## Data for processing

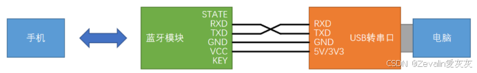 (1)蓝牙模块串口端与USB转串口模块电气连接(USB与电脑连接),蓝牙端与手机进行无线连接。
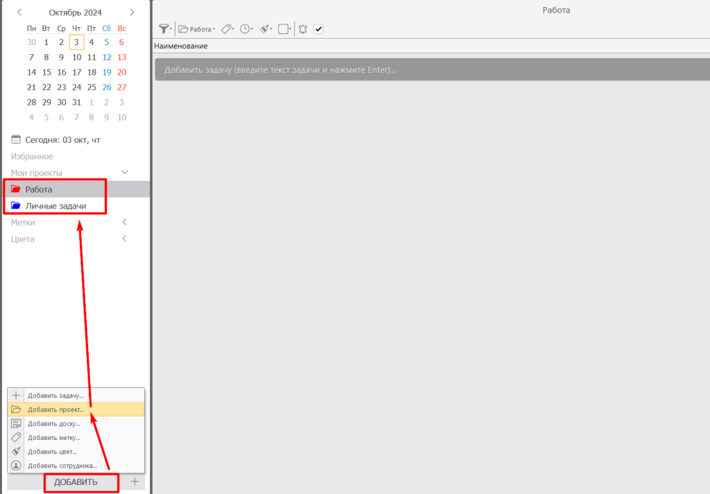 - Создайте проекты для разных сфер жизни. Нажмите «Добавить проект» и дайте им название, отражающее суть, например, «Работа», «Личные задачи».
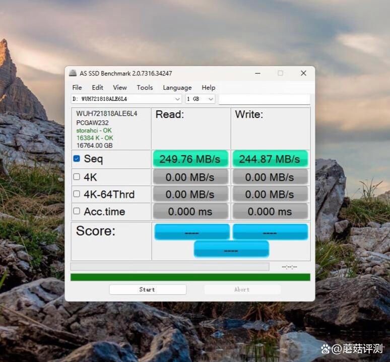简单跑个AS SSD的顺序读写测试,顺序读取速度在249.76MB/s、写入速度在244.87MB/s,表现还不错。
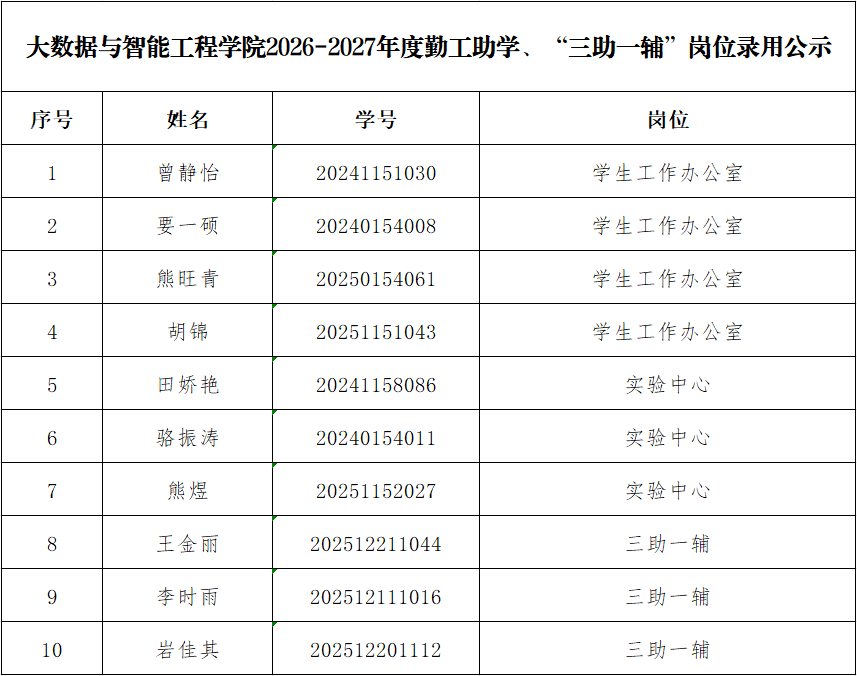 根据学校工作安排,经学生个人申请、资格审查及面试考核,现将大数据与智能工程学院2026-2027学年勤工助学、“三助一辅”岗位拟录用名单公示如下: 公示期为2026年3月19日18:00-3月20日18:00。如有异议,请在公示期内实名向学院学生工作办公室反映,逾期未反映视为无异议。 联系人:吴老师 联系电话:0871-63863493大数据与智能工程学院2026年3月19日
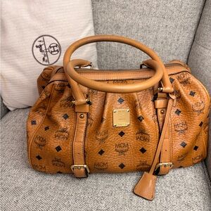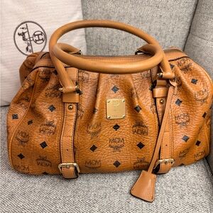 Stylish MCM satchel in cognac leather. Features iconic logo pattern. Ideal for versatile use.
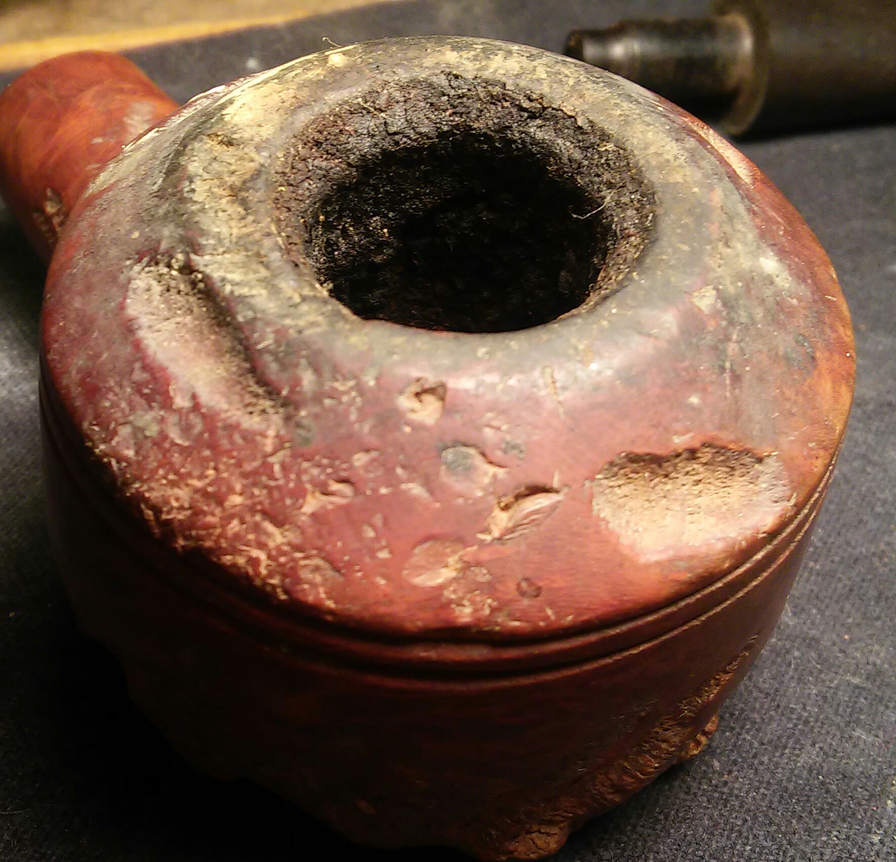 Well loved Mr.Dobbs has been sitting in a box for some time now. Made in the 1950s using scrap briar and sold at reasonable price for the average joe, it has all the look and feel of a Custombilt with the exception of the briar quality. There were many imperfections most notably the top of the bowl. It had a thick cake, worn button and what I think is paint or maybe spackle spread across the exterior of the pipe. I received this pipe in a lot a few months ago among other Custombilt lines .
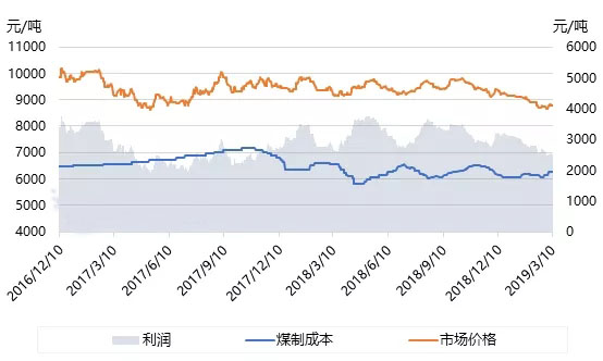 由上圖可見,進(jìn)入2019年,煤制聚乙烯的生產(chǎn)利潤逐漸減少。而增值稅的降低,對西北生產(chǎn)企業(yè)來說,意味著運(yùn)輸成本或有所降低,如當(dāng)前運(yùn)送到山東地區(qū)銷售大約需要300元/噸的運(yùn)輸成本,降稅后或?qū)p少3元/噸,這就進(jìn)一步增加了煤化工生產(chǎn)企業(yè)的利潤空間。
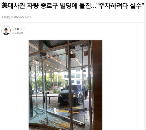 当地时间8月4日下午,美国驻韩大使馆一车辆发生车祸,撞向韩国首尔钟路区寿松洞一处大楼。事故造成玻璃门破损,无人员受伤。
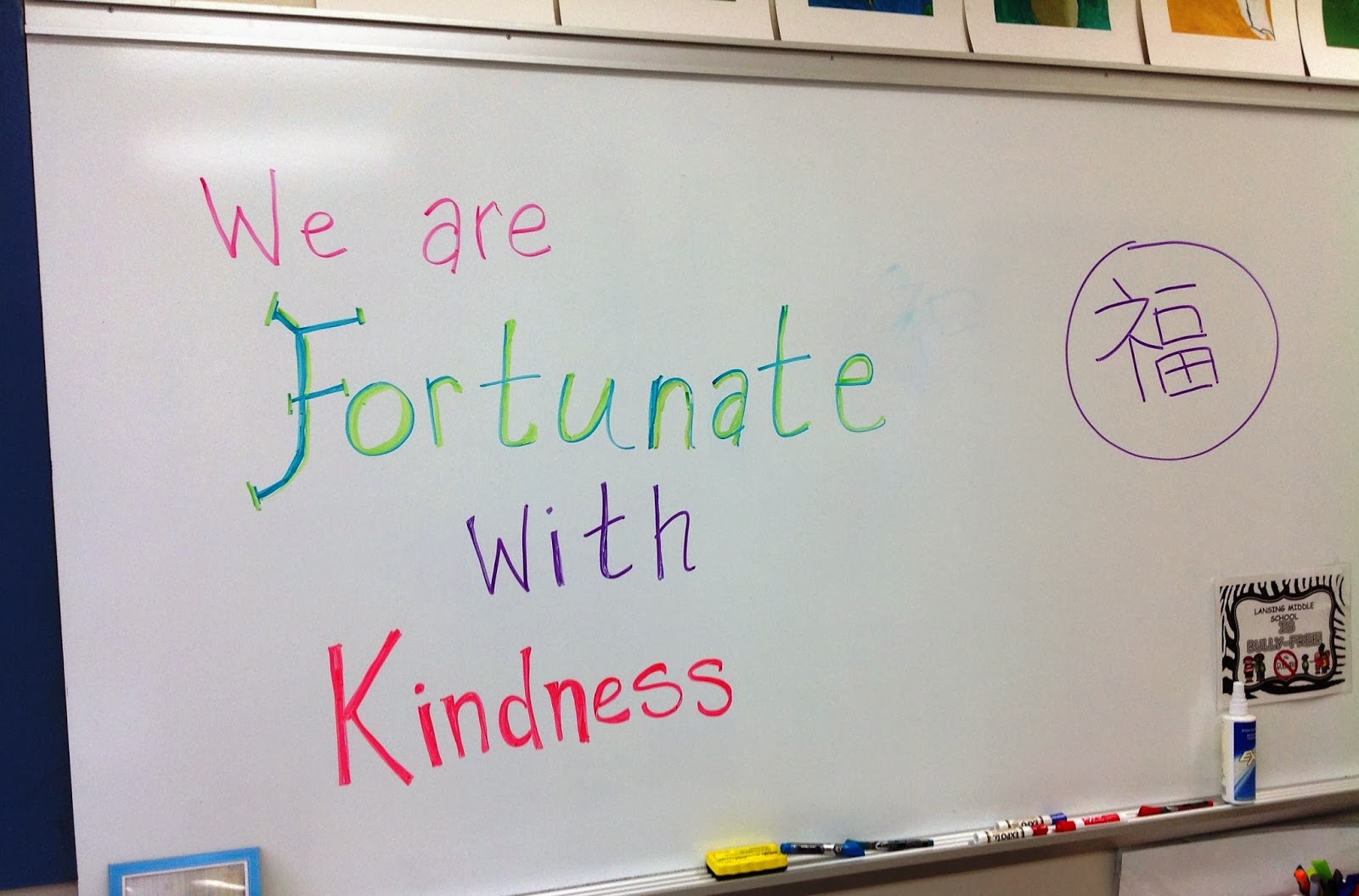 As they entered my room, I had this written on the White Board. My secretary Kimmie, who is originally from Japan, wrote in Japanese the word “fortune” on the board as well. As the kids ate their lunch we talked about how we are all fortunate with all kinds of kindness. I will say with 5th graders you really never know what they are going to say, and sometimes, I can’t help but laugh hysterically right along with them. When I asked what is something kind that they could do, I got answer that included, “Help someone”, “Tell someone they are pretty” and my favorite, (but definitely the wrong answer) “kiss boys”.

==

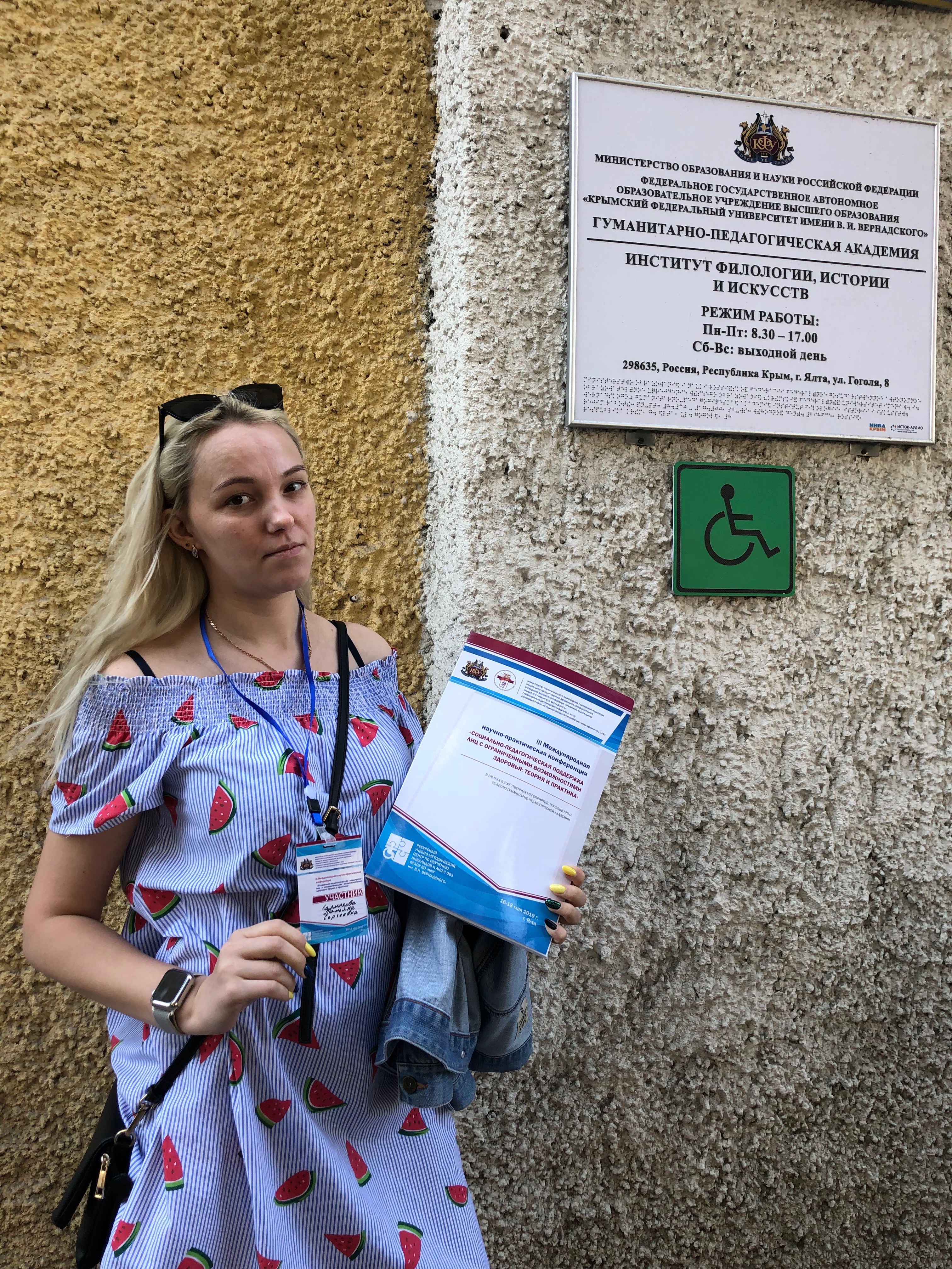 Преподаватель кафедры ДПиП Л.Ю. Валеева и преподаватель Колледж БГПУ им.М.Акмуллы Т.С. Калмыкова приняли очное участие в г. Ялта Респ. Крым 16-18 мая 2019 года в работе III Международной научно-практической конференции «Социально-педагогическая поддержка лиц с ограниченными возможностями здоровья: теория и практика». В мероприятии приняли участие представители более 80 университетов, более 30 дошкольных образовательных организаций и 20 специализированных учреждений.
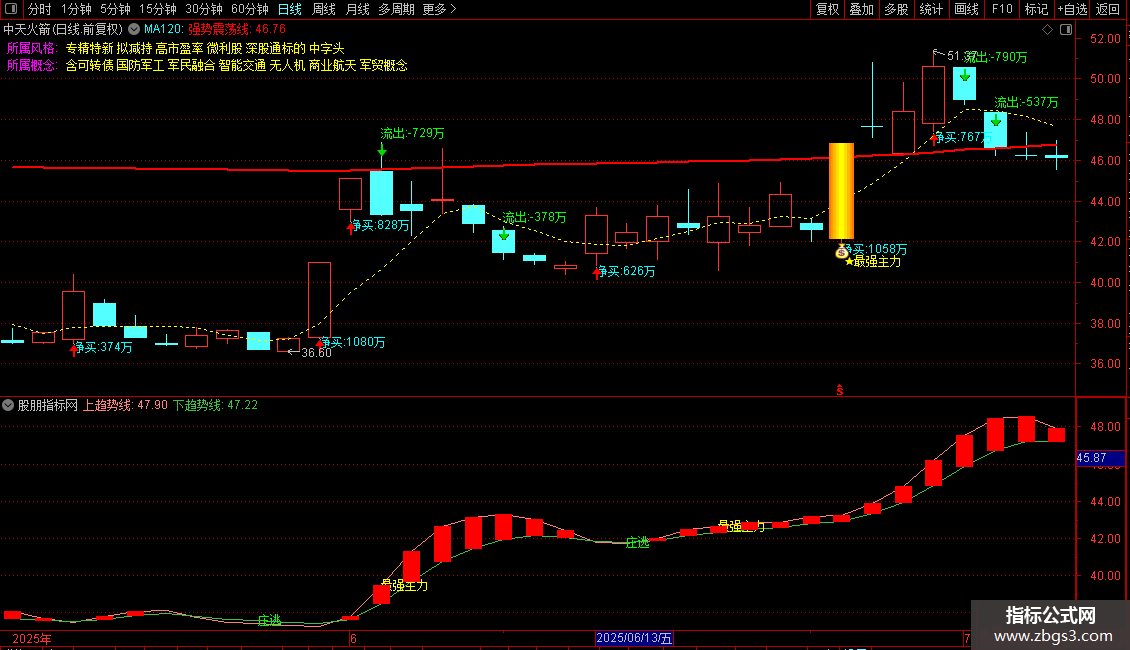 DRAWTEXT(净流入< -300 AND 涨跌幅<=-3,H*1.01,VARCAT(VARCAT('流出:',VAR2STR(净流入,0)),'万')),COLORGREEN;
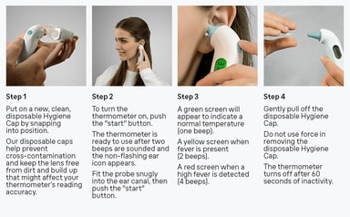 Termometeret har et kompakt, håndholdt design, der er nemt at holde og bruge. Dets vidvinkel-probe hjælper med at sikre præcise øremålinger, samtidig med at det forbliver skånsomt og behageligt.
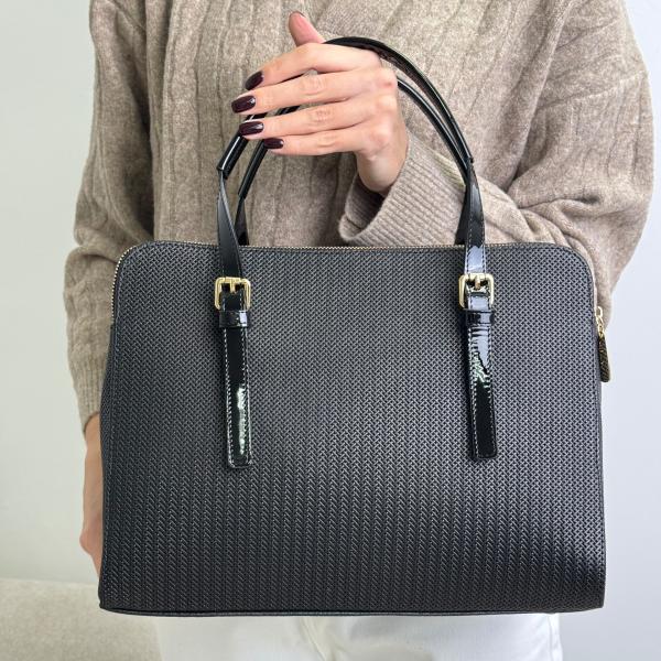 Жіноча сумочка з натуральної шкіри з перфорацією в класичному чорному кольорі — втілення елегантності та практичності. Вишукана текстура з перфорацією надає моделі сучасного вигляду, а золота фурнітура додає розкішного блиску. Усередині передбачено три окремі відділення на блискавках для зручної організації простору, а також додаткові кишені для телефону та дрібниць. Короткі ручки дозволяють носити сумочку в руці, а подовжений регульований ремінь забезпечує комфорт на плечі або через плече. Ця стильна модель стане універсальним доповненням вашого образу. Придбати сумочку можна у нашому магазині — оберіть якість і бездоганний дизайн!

## What needs to be done
Whatever pictures the records hold, omit them; give again exactly the lines from the one containing "Termometeret har et" through the one containing "Жіноча сумочка з".

## Answer box
 Termometeret har et kompakt, håndholdt design, der er nemt at holde og bruge. Dets vidvinkel-probe hjælper med at sikre præcise øremålinger, samtidig med at det forbliver skånsomt og behageligt.
 Жіноча сумочка з натуральної шкіри з перфорацією в класичному чорному кольорі — втілення елегантності та практичності. Вишукана текстура з перфорацією надає моделі сучасного вигляду, а золота фурнітура додає розкішного блиску. Усередині передбачено три окремі відділення на блискавках для зручної організації простору, а також додаткові кишені для телефону та дрібниць. Короткі ручки дозволяють носити сумочку в руці, а подовжений регульований ремінь забезпечує комфорт на плечі або через плече. Ця стильна модель стане універсальним доповненням вашого образу. Придбати сумочку можна у нашому магазині — оберіть якість і бездоганний дизайн!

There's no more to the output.